Biodiversity benefits

Action under this policy option can contribute to delivering on several KM-GBF targets, in particular:

  • Target 1 (Plan and Manage all Areas to Reduce Biodiversity Loss): This target requires integrating biodiversity considerations into spatial planning and policies addressing land-use change. Measures like agroecological zoning are key to managing land to preserve biodiversity-rich areas and minimize habitat destruction and biodiversity loss, by identifying (degraded or other) areas suitable for conservation, agricultural use, and/or restoration.
  • Target 2 (Restore 30% of all Degraded Ecosystems): Measures to limit land conversion that contribute to restoring degraded ecosystems can range from monitoring and regulating supply chains for agricultural products, to cultivation on degraded land that integrates ecosystem restoration measures.
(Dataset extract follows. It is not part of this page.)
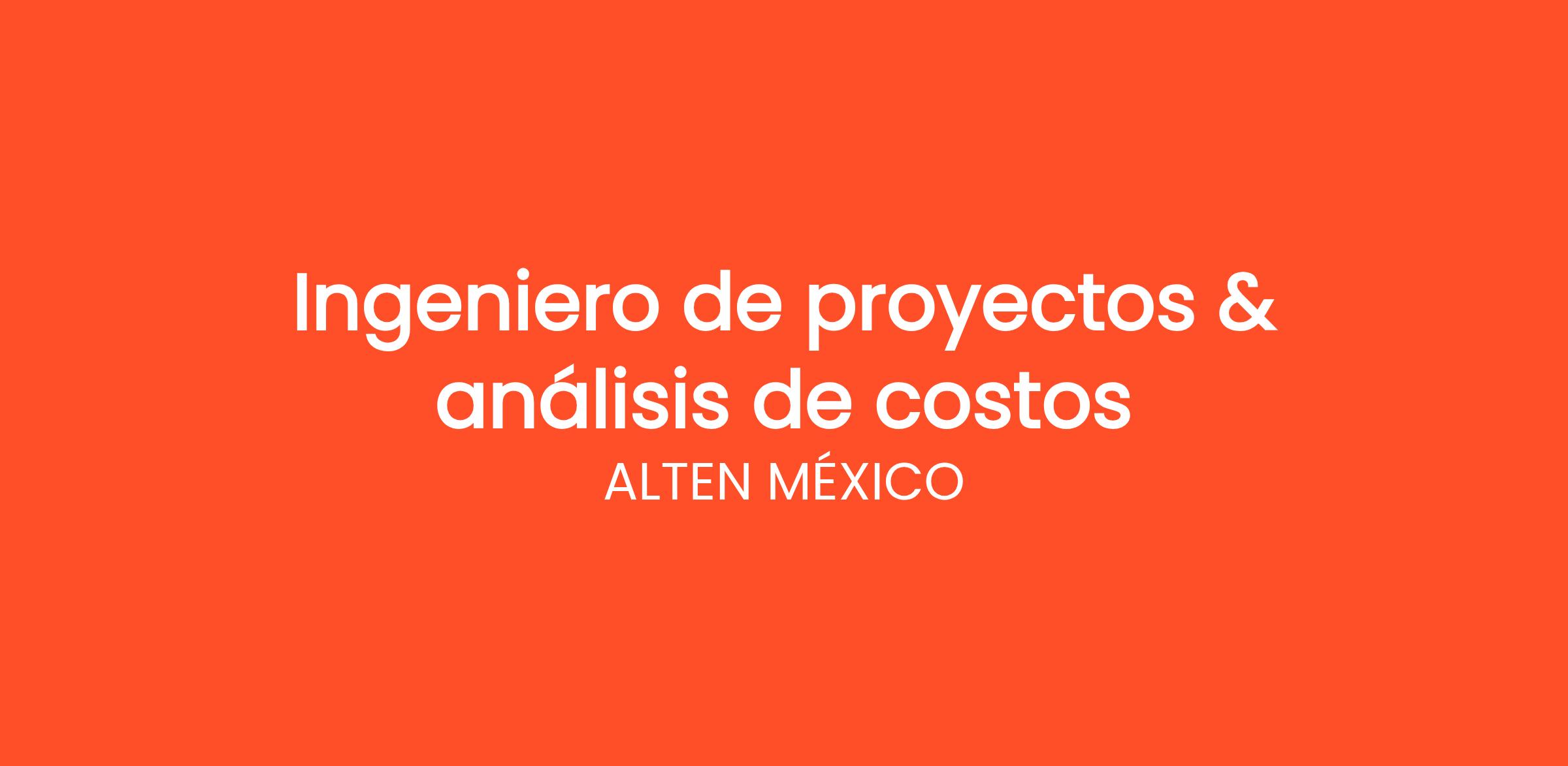 ALTEN México está en búsqueda de un Ingeniero de Proyecto y Análisis de Costos para unirse a nuestro equipo multidisciplinario. Buscamos un profesional proactivo y analítico, capaz de contribuir a nuestras iniciativas de ingeniería y optimización de costos en el sector alimentico. Este rol es fundamental para garantizar que nuestros proyectos se desarrollen dentro de los parámetros de costo y tiempo establecidos, y para brindar recomendaciones que mejoren la eficiencia en la ejecución de proyectos.
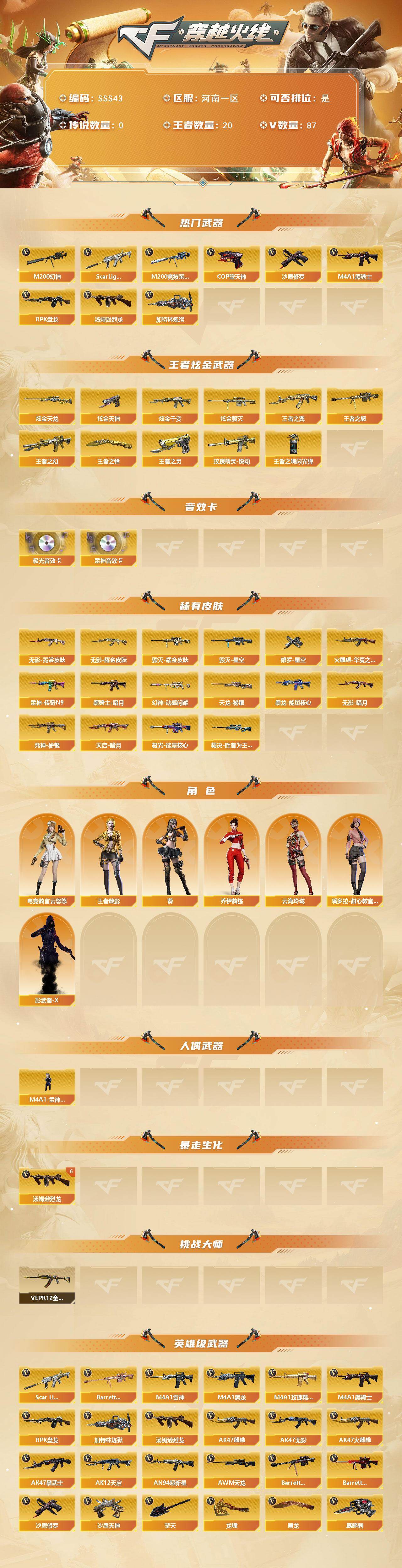 [17317857]河南一区-96V-20王者武器数-6炫金武器数 【热门武器】:Scar Light-白虎,M200-幻神,M200-竞技荣光,M4A1-黑骑士,汤姆逊-烈龙*6,RPK-盘龙*2,加特林-炼狱,COP-堕天神,沙鹰-修罗*2 【王者炫金武器】:王者之幻,王者之翼*2,玫瑰精灵-悦动,王者之怒,王者之灵*4,王者之锋*2,炫金千变,炫金毁灭,炫金天龙*2,炫金天神*2,王者之魄闪光弹 【音效卡】:M4A1-雷神音效卡,Barrett-极光音效卡 【皮肤】:幻神-动感闪耀 皮肤,裁决-胜者为王 皮肤,雷神-传奇N9,火麒麟-华夏之心,毁灭耀金皮肤,毁灭-星空,黑龙-能量核心*3,黑骑士-暗月,无影-暗月*2,无影耀金皮肤*2,无影-霓裳皮肤,死神-秘银,天启-暗月,天龙-秘银,极光-能量核心,修罗-星空 【角色】:葵,电竞教官-云悠悠,王者-魅影,乔伊教练,云海玲珑,潘多拉-甜心教官,影武者-X 【人偶武器】:M4A1-雷神-精英刀锋 【挑战大师】:VEPR-12-金魔 【英雄级武器】:AK47-火麒麟*2,AK47-麒麟,M4A1-黑龙,M4A1-雷神,M4A1-黑骑士,AK47-无影*2,AK47-黑武士,AK12-天启*4,AN94-超新星,M4A1-龙血,Scar Light-白虎,M4A1-玫瑰精灵,M4A1-猎神*2,王者之心-觉醒版,王者之势-觉醒版,黑武士-CF网剧冠军,AWM-天龙*2,Barrett-毁灭*3,Barrett-极光*2,AWM-裁决*3,M200-幻神,Barrett-朱雀,M200-竞技荣光,Barrett-金色蔷薇*2,王者之光-觉醒版,王者之力-觉醒版,王者之决-觉醒版,RPK-盘龙*2,加特林-炼狱,汤姆逊-烈龙*6,AA-12-雷霆*4,沙鹰-修罗*2,沙鹰-天神,COP-堕天神,柯尔特-竞技荣光,天神-动感闪耀,天神-CF网剧冠军,屠龙*6,龙啸,马来剑-夜魔,擎天*2,麒麟刺*3,擎天-竞技荣光,擎天-CF网剧冠军,王者之锋-觉醒版,王者之刺-觉醒版,高爆手雷-夜魔,高爆手雷-竞技荣光*4,手雷-动感闪耀,高爆手雷-云龙,闪光弹-夜魔,闪光弹-竞技荣光*3,烟雾弹-夜魔,烟雾弹-竞技荣光*3,烟雾弹-雷暴王者,M4A1-赤狱骑士 【道具】:战舰背包,背包-葫芦兄弟,绿色巨人,灵魂忍者,迷雾幽灵,夺命之镰,防化服*2,金

Reducing land-use change and maintaining habitats also prevents further degradation of ecosystems, thereby decreasing the area of ecosystems demanding extensive restoration efforts.
  • Target 3 (Conserve 30% of Land, Waters and Seas): Identifying areas suitable for conservation while ensuring food security can facilitate the establishment or expansion of protected areas networks and Other Effective Area-based Conservation Measures, helping reduce land-use change and conversion of natural ecosystems for food production. Implementing sustainable intensification practices in agriculture can help increase yields on existing farmland, reducing pressure to convert new areas for food production.
  • Target 10 (Enhance Biodiversity and Sustainability in Agriculture, Aquaculture, Fisheries, and Forestry): Measures to reduce land-use change can include support for sustainable agriculture practices such as sustainable intensification, improving pasture management, restorative cultivation of degraded land, and agroecological practices, besides policies targeting food supply chains.
  • Target 11 (Restore, Maintain and Enhance Nature’s Contribution to People): Reducing conversion and degradation of natural ecosystems while promoting their sustainable management directly contributes to restoring, maintaining, and enhancing nature’s contributions to people. This target specifically focuses on ecosystem functions and services, including the regulation of air, water, and climate, soil health, pollination, and reduction of disease risk.
  • Target 16 (Enable Sustainable Consumption Choices To Reduce Waste and Overconsumption): Policy measures like establishing regulations or certification schemes for conversion-free supply chains, public procurement policies, and broader educational initiatives can promote sustainable consumption choices.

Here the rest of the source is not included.